(Entries provided)

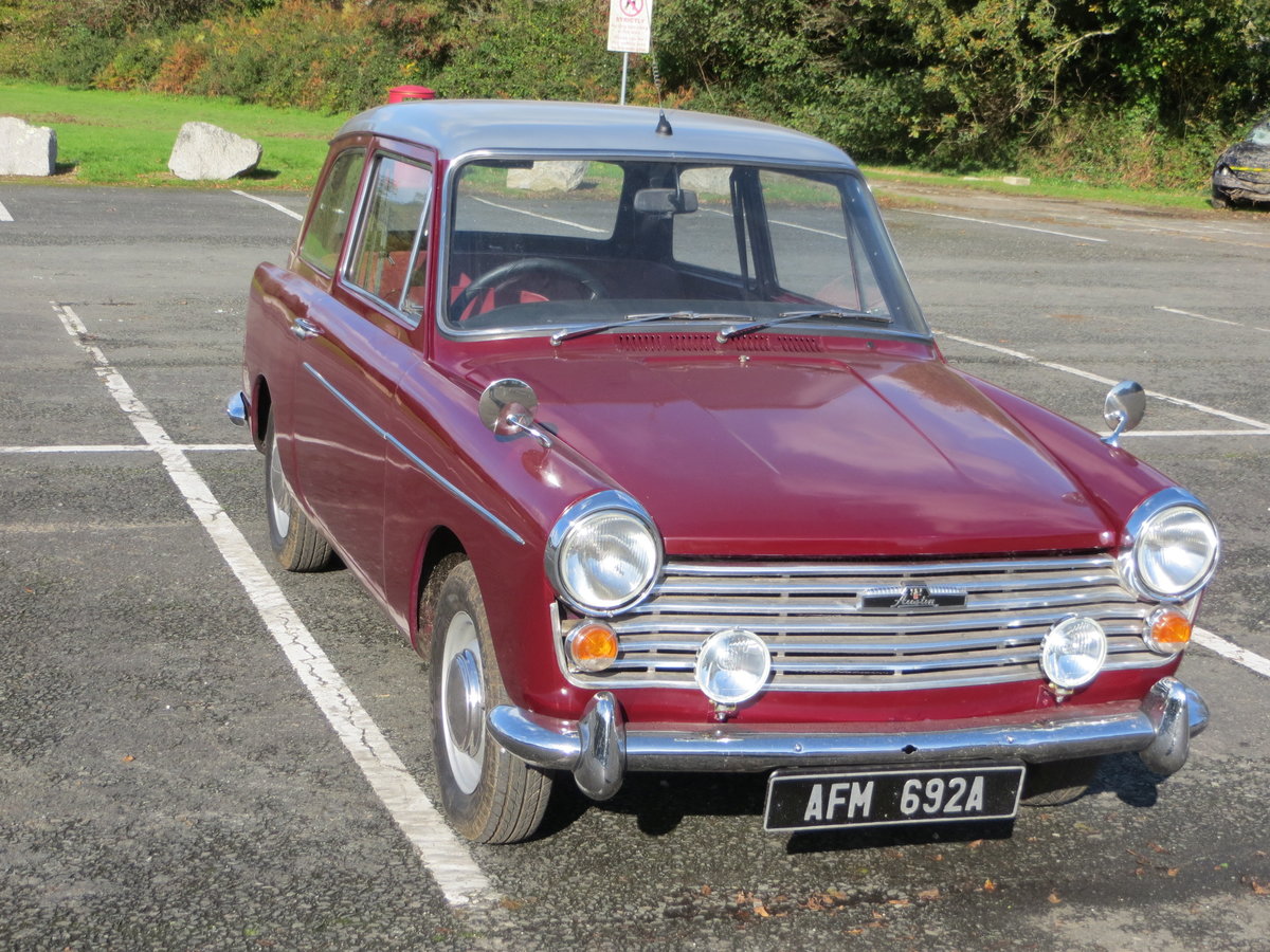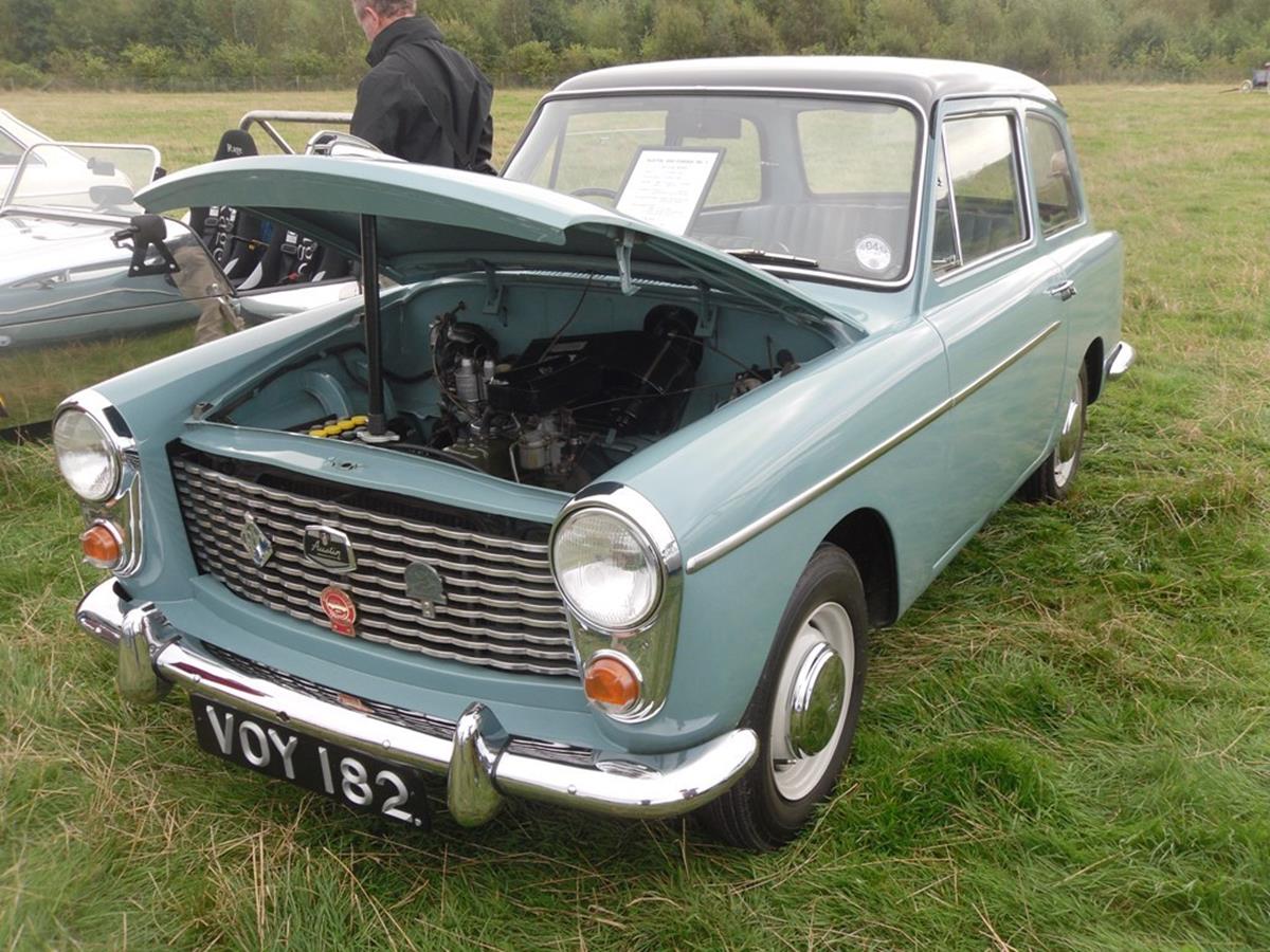 At launch the car shared the 948 cc A-Series straight-4 used in other Austins including its A35 predecessor. The suspension was independent at the front using coil springs with a live axle and semi elliptic leaf springs at the rear. The drum brakes were a hybrid (hydromech) arrangement, hydraulically operated at the front but cable actuated at the rear. The front drums at 8 in (200 mm) were slightly larger than the 7 in (180 mm) rears. Cam and peg steering was fitted.
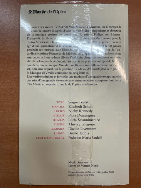 Vivaldi Tito Manlio - livret français + 2 CD
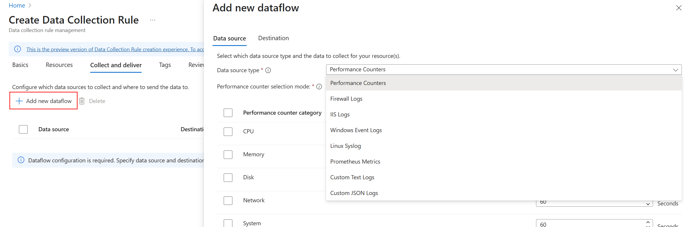 En el panel Recopilar y entregar , haga clic en Agregar origen de datos para agregar y configurar orígenes de datos y destinos para el DCR. Puede optar por agregar varios orígenes de datos al mismo DCR o crear varios DCR con orígenes de datos diferentes. Un DCR puede tener hasta 10 orígenes de datos y una máquina virtual puede usar cualquier número de DCR.
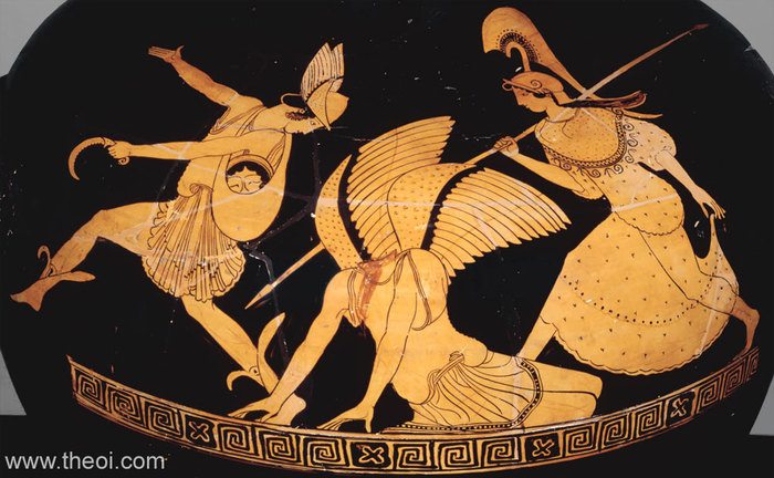 В этом отрывке интересны три момента. Во-первых, непонятно, о какой «форме музыкального искусства» идет речь. В позднее время Афина действительно покровительствовала искусствам, но какую музыку она могла «сплести» из «смертоносного плача» Горгон? Этот «смертоносный плач» – второй любопытный момент. Похоже, что не только взгляд Горгон был опасен, но и их голос.
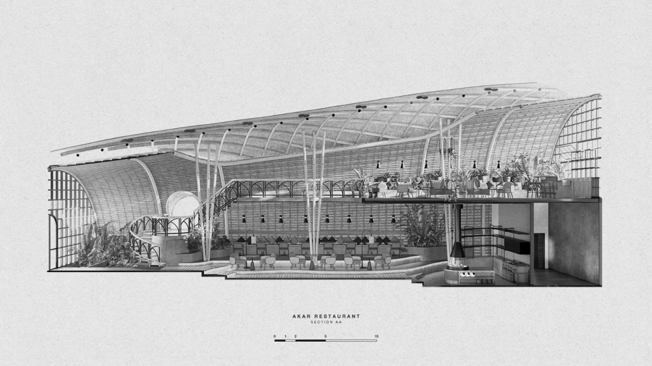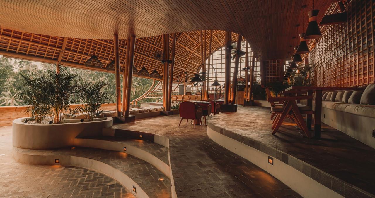 屋顶的设计遵循巴厘岛的传统方法,采用巨大的竹拱,上面覆盖着西拉普木。
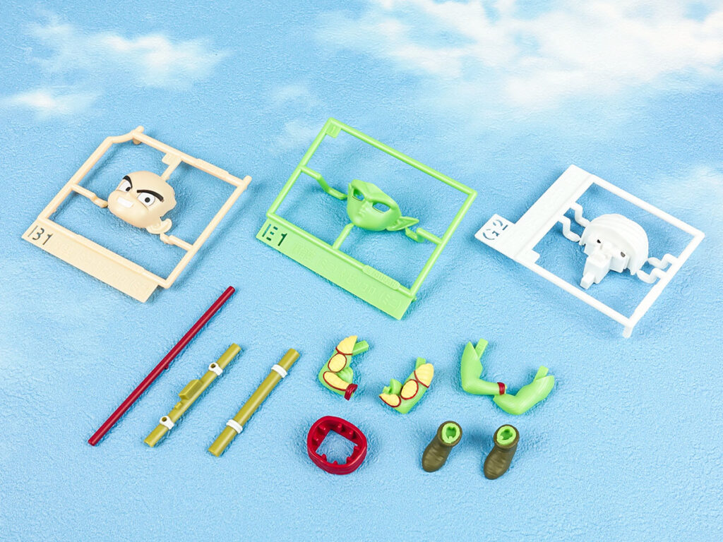 Cada set recria fielmente o visual dos personagens com moldagem em cores específicas e uso de impressão tampográfica nos rostos para capturar expressões detalhadas. Além disso, peças como o bastão Nyoi-bou de Goku e o braço de Piccolo vêm pré-pintadas, evitando o uso de adesivos.
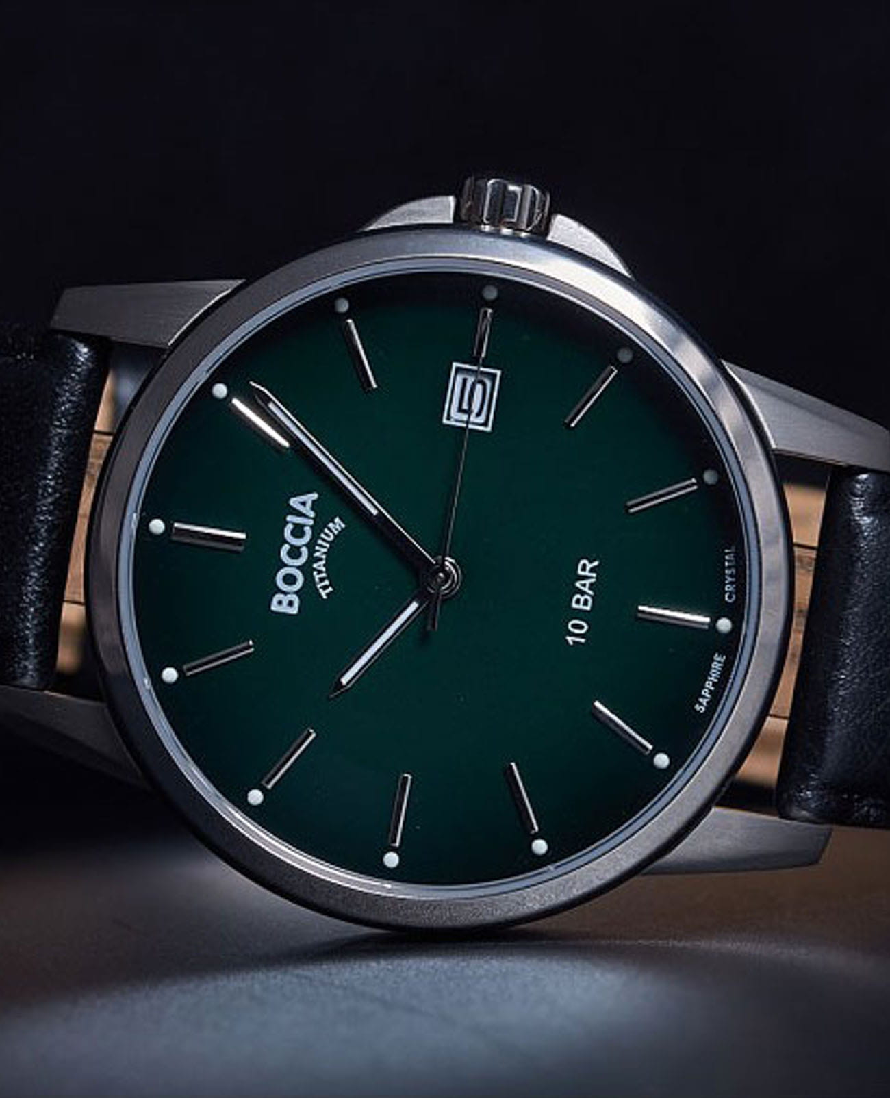 Мужские немецкие титановые часы Boccia Titanium Circle-Oval 3633-02, кварцевый механизм с высокой точностью. Сапфировое стеклоСапфировое стеклоПрочный и надёжный материал из кристалла сапфира синтетического происхождения, характеризующийся особой твёрдостью и устойчивостью к царапинам и повреждениям. устойчивое к появлению царапин, обладающее высокой прозрачностью. Корпус изготовлен из титана. Стрелки с люминесцентным покрытиемЛюминесцентное покрытиеПозволяет считывать показания времени в темноте. Производители наносят на стрелки, часовые индексы, безель или поверхность циферблата светонакопительный состав, дающий холодное свечение.. Окошко даты в положении 3 часов. Класс водозащиты: 100 метров, позволит плавать, нырять и заниматься другими водными видами спорта. Кожаный браслет на стандартной застежке.
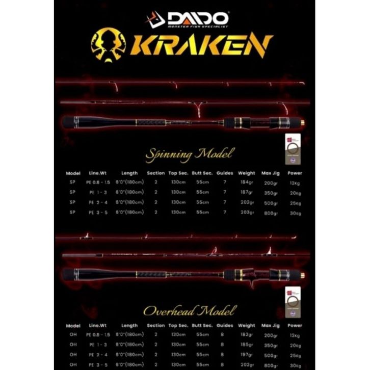 JORAN DAIDO KRAKEN LIGHT JIG 1.80M || READY SPIN DAN OVERHEAD JORAN PANCING ALAT PANCING
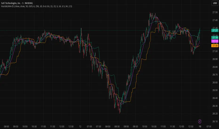Hurst × ALMA Tuned Chandelier Exit (HurstALMA-CE) is an adaptive trend‑following stop and exit indicator. It combines a smoothed price input (ALMA), a regime detector based on the Hurst exponent, and a dynamically tuned Chandelier Exit to automatically adjust its behavior between choppy and trending market conditions.

(End Entries provided)

_What is needed_
Nothing but the lines from the one that contains "屋顶的设计遵循巴厘岛的传统方法,采用巨大的竹拱,上面覆盖着西拉普木。" through the last line of the records belongs in the answer, reproduced exactly, with no pictures.

_Result of the task_
 屋顶的设计遵循巴厘岛的传统方法,采用巨大的竹拱,上面覆盖着西拉普木。
 Cada set recria fielmente o visual dos personagens com moldagem em cores específicas e uso de impressão tampográfica nos rostos para capturar expressões detalhadas. Além disso, peças como o bastão Nyoi-bou de Goku e o braço de Piccolo vêm pré-pintadas, evitando o uso de adesivos.
 Мужские немецкие титановые часы Boccia Titanium Circle-Oval 3633-02, кварцевый механизм с высокой точностью. Сапфировое стеклоСапфировое стеклоПрочный и надёжный материал из кристалла сапфира синтетического происхождения, характеризующийся особой твёрдостью и устойчивостью к царапинам и повреждениям. устойчивое к появлению царапин, обладающее высокой прозрачностью. Корпус изготовлен из титана. Стрелки с люминесцентным покрытиемЛюминесцентное покрытиеПозволяет считывать показания времени в темноте. Производители наносят на стрелки, часовые индексы, безель или поверхность циферблата светонакопительный состав, дающий холодное свечение.. Окошко даты в положении 3 часов. Класс водозащиты: 100 метров, позволит плавать, нырять и заниматься другими водными видами спорта. Кожаный браслет на стандартной застежке.
 JORAN DAIDO KRAKEN LIGHT JIG 1.80M || READY SPIN DAN OVERHEAD JORAN PANCING ALAT PANCING
Hurst × ALMA Tuned Chandelier Exit (HurstALMA-CE) is an adaptive trend‑following stop and exit indicator. It combines a smoothed price input (ALMA), a regime detector based on the Hurst exponent, and a dynamically tuned Chandelier Exit to automatically adjust its behavior between choppy and trending market conditions.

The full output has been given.